Serves 4 | Preparation/cooking time: 45 mins | Resting time: 40 mins | Difficulty: medium | Cannot be frozen
Ingredients
For the pancakes
1 tsp caster (superfine) sugar
1/2 tsp active dry yeast
300ml warm water
350g wholewheat flour
70g plain flour
1 pinch salt
Vegetable oil, for frying
For the filling
350g mascarpone
60g honey
1 tbsp orange flower water
To garnish
170g pistachios, shelled and chopped
3-4 tbsp dried edible rose petals, chopped
Method
1. To make the pancakes, stir the sugar and yeast into the warm water in a small jug. Set aside in a warm place for 10 minutes.

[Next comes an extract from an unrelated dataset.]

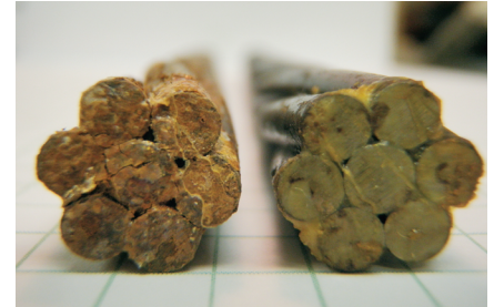
Post-Tech PTI impregnation material mitigates corrosion on post-tension strands (right)

The Post-Tech PTI impregnation process can be completed from the end anchorage or from intermediate locations along the length of the tendon. Experience has shown the Post-Tech PTI material can flow through the interstitial spaces at least 250 ft (75m) along the length of a tendon from a single entry point.

2. Sift together the flours and salt in a large bowl. Add the yeasty water and mix well until smooth. Cover and set aside for 30 minutes.
3. After 30 minutes, give the batter a quick stir. Heat a thin film of oil in a small pancake or crepe pan set over a moderate heat until hot.
4. Add a small ladle of the batter and tilt to coat the surface of the pan with it. Leave to cook for 1 minute until golden brown underneath. Flip and cook for 1 more minute before sliding out of the pan on to a plate. Cover and keep warm as you prepare at least seven more pancakes.
5. To make the filling, once all the pancakes are prepared, beat together the mascarpone, honey and orange flower water for 2 minutes in a large mixing bowl until creamy.
6. To serve, spoon a large mound of the filling on to the right-centre side of the pancakes. Spread some of the filling towards the left edge of the pancakes, all the way to the edges. Fold into horn shapes, leaving the right side of the pancakes open to expose the filling.
7. Press the pistachios and rose petals into the filling, coating the exposed filling in an even layer. Serve immediately for best results.